Do you think there’s a particular game or series represents the apex of games as a form of art? Is that even a fair question?

I don’t think it’s necessarily a fair question. I think the answer would be different depending on who you ask.

Look at a game like Flower [a poetic adventure for PlayStation 3] It’s a game that’s intentionally open in terms of its narrative. But in its mechanics it allows you to inform the game with your own voice and story. This is something that I believe few games have achieved. I grew up in Queens, New York. And as a kid you’re always looking for colour in a city’s muted grays and browns. When I was playing Flower I was going through this city environment and picking up all these flowers in the windstream you control in the game. And then there was this building that suddenly stood upright. It had colour brought back to it. It had an incredible impact on me. I had to stop playing the game. There was this wave of emotion I felt that transported me back to a time when I was a kid.

Video games have the ability to do this. They can reach into us and bring out the things that make us who we are. Our memories, our morals, our compass, if you will. I can argue that Flower has achieved this while most other games have not. Is that the pinnacle of the medium? It may be for me, but it may not be for others.

Film critic Roger Ebert famously declared that games cannot be art. Can people who don’t play games ever be convinced that games are artistic?

Perhaps. I respect Mr. Ebert greatly for his encyclopaedic knowledge of movies and movie history. But to his own admission, he has never played a single video game. It’s the equivalent of me looking at Gone with the Wind and saying it can’t be any good without ever having experienced it. It comes from a place of casual observation rather than true understanding.

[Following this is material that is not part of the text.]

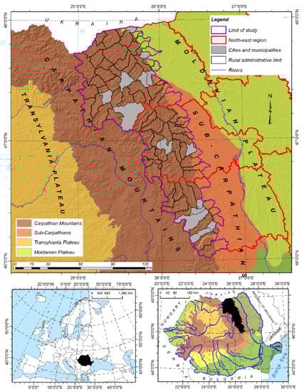 The study area, represented by the mountainous rural area of the North-East Region of Romania, includes 78 communes belonging administratively to the counties of Suceava, Neamț, and Bacău (Figure 1), with an area of 10,090 km2 (27.38% of the region) and 359,579 inhabitants; 9% of the population of the region (National Institute of Statistics, etc.).
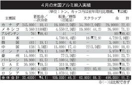 5月のアルミ合金地金輸入/30%増、9.2万トン

And that’s fine. People can have opinions. I’m not looking to change people’s minds about whether video games are finally art. Not only is that not my responsibility, but it’s something that I should not be trying to force upon people. My goal is have people examine video games and determine for themselves whether or not they are art. It has to be a very personal conclusion.

I have a very serviceable definition of the word “art.” It’s served me very well. That definition is this: If I can understand the author’s intent and find personal resonance, it becomes art. I’ve found this in Flower. I’ve found it in Final Fantasy. I’ve found it in countless games that I’ve played. But I can honestly tell you that I would be very hard pressed to tell you about a single painting I’ve seen that has moved me in the same fashion.

What’s the next step? How will the medium evolve as a means of artistic expression? It seems to me the burgeoning indie game scene might have a large role to play...

Yes, I agree with you.

Democratization of technology, tools, and technique and dissemination of information have now put the tools for creation into the hands of anyone who wants to use them as a medium of expression. From that we’re going to see inspired works that come completely out of left field. They will change the way we look at video games, and will change on a social level the interactive possibilities that games provide.

I believe that in the next three to five years we’re going to see some of the most amazing video game experiences. And we can’t possibly determine where they’re going to come from. They’re going emerge out of this shared love of the form and understanding of what this medium can mean to the world at large.

The preceding interview was condensed and edited for flow.